1214. Two Sum BSTs

Quick Run-Down On The Solutions

  • The first solution is the easiest of the three solutions and the worst-time complexity solution.
  • The second solution has a different approach from the first solution and a little better time but still not that great.
  • The third solution has a lot better time than the first two solutions and has a similar approach to the second solution.

The Ideas of These Solutions:

The first solution is a simple mundane depth-first-search (dfs) solution. We first iterate through the first tree and then the second tree. We add all the values from the first tree to the array arr1 and then add the second tree’s values to the array arr2. After that, we find whether two values from arr1, arr2 summed up equals target return true.

The second solution iterates through the first tree and finds the difference of target - pop.Val, and add it to an array called secondTreeExpectedValues. All we have to do is iterate through the second tree and check whether secondTreeExpectedValues contains the pop.Val. If it does, we know that the trees have two numbers that add up to target.

The third solution does the same thing as the second solution but uses a map called m instead of secondTreeExpectedValues. The key difference between the two is when you check whether an array contains, you have to iterate through an array, and iterating through an array is O(n) where n = len(array). But checking whether a map contains is O(1). So using a map instead of an array cuts down on a lot of time.
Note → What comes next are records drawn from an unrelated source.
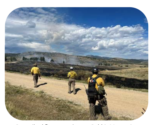
Prescribed fire operations at Rabbit Mountain

2022 ended up being an abnormal year. There were no seasonals workers in the Planning group. As a result not a lot of inventories were completed. Instead, staff focused on assisting other programs in the Forestry and Fire group. The sort yards also had a hard time finding seasonals so several shifts had to be covered by Planning staff. The summer was spent keeping ahead of the Sherriff's Office (SO) Fire Crew, with marking trees for their cutting project at Sherwood Gulch and overseeing multiple research projects on several properties.
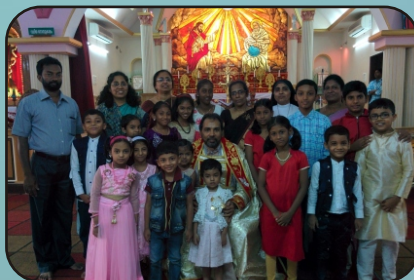
MCCL Day - Kharghar
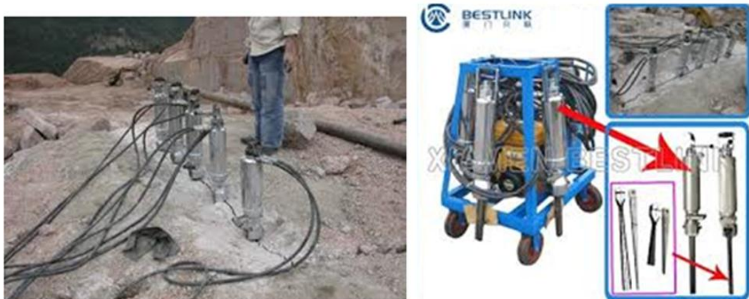
Fig-3. Hydraulic Concrete Splinters used for splitting the hard rock

These machineries are suitable for carry out the demolition RCC walls, concrete roads, deck slabs of bridges, industrial floorings or even splitting the rocks into pieces. For using these machines, initially holes are drilled into the surface at certain distances and the tool is pushed mechanically into the holes which split the structural components into smaller pieces.
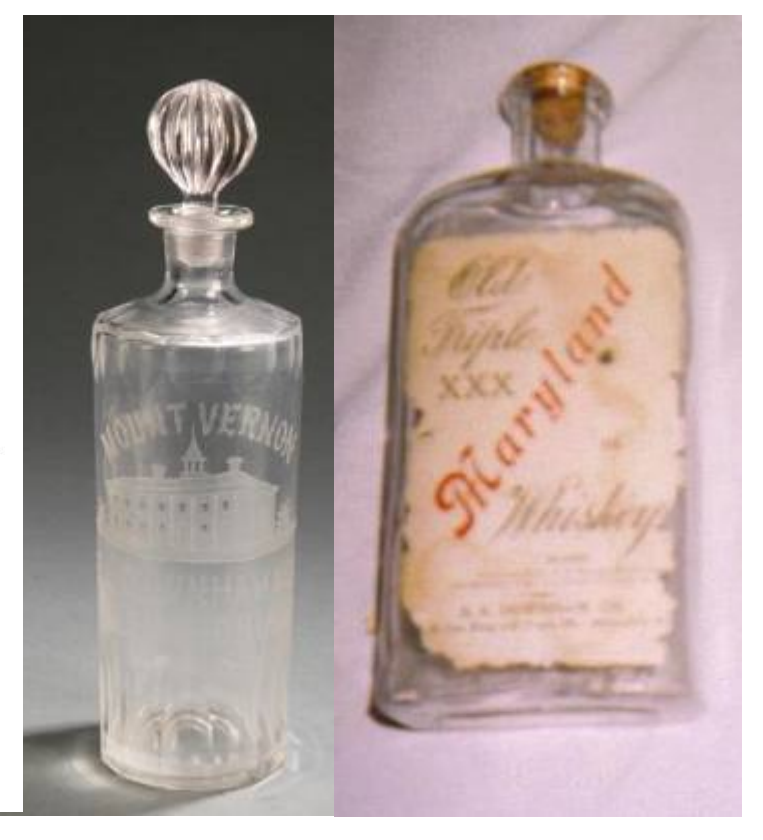
Fig. 4: Belle Haven "Mount Vernon" Decanter (at left)

"Old Mansion," which used an illustration of Mount Vernon on the label and on back-of-the-bar decanters ( Fig. 4 ). Others were "Old Dominion Family Rye," "Crystal Maize-Straight," "Old King Corn," "Mountain Corn" and "Old Triple XXX Maryland Whiskey" ( Fig. 5 ). The flagship brand was "Belle Haven Rye," with a well-designed label featuring heads of grain. ( Fig. 6 ).

If you don’t understand the idea of the second and third solutions, look at the following images (I am doing this with the third solutions idea):

Input:

Now we have finished iterating through the first tree and added all the differences to the map.

Now iterating through tree2:

There is no key of 8, so we continue.

There is no key of 11 as well.

There is no key of 12.

There is no key of 9 in m.

There is a key of 6 in m, and the value is 7. When we add 6 and 7 together, we get 13. So you see when we did target - pop.Val we were getting the second value from tree2. The First Solution:

func twoSumBSTs(root1 *TreeNode, root2 *TreeNode, target int) bool {
    stack := []*TreeNode{root1}
    arr1 := []int{}
    arr2 := []int{}

    for len(stack) != 0 {
        pop := stack[len(stack)-1]
        stack = stack[:len(stack)-1]

        if pop != nil {
            stack = append(stack, pop.Left, pop.Right)
            arr1 = append(arr1, pop.Val)
        }
    }

    stack = append(stack, root2)

    for len(stack) != 0 {
        pop := stack[len(stack)-1]
        stack = stack[:len(stack)-1]

        if pop != nil {
            stack = append(stack, pop.Left, pop.Right)
            arr2 = append(arr2, pop.Val)
        }
    }

    for _, i2 := range arr1 {
        for _, i4 := range arr2 {
            if i2+i4 == target {
                return true
            }
        }
    }
    return false
}

The Second Solution:

func twoSumBSTs(root1 *TreeNode, root2 *TreeNode, target int) bool {
    stack := []*TreeNode{root1}
    secondTreeExpectedValues := []int{}

    for len(stack) != 0 {
        pop := stack[len(stack)-1]
        stack = stack[:len(stack)-1]

        if pop != nil {
            stack = append(stack, pop.Left, pop.Right)
            secondTreeExpectedValues =
                append(secondTreeExpectedValues, target-pop.Val)
        }
    }

    stack = append(stack, root2)

    for len(stack) != 0 {
        pop := stack[len(stack)-1]
        stack = stack[:len(stack)-1]

        if pop != nil {
            stack = append(stack, pop.Left, pop.Right)
            if arrayContains(secondTreeExpectedValues, pop.Val) {
                return true
            }
        }
    }

    return false
}

func arrayContains(arr []int, val int) bool {
    for _, i := range arr {
        if i == val {
            return true
        }
    }
    return false
}

The Third Solution:

func twoSumBSTs(root1 *TreeNode, root2 *TreeNode, target int) bool {
    stack := []*TreeNode{root1}
    m := make(map[int]int)

    for len(stack) != 0 {
        pop := stack[len(stack)-1]
        stack = stack[:len(stack)-1]

        if pop != nil {
            stack = append(stack, pop.Left, pop.Right)
            m[target-pop.Val] = pop.Val
        }
    }

    stack = append(stack, root2)

    for len(stack) != 0 {
        pop := stack[len(stack)-1]
        stack = stack[:len(stack)-1]

        if pop != nil {
            stack = append(stack, pop.Left, pop.Right)
            if _, ok := m[pop.Val]; ok {
                return true
            }
        }
    }

    return false
}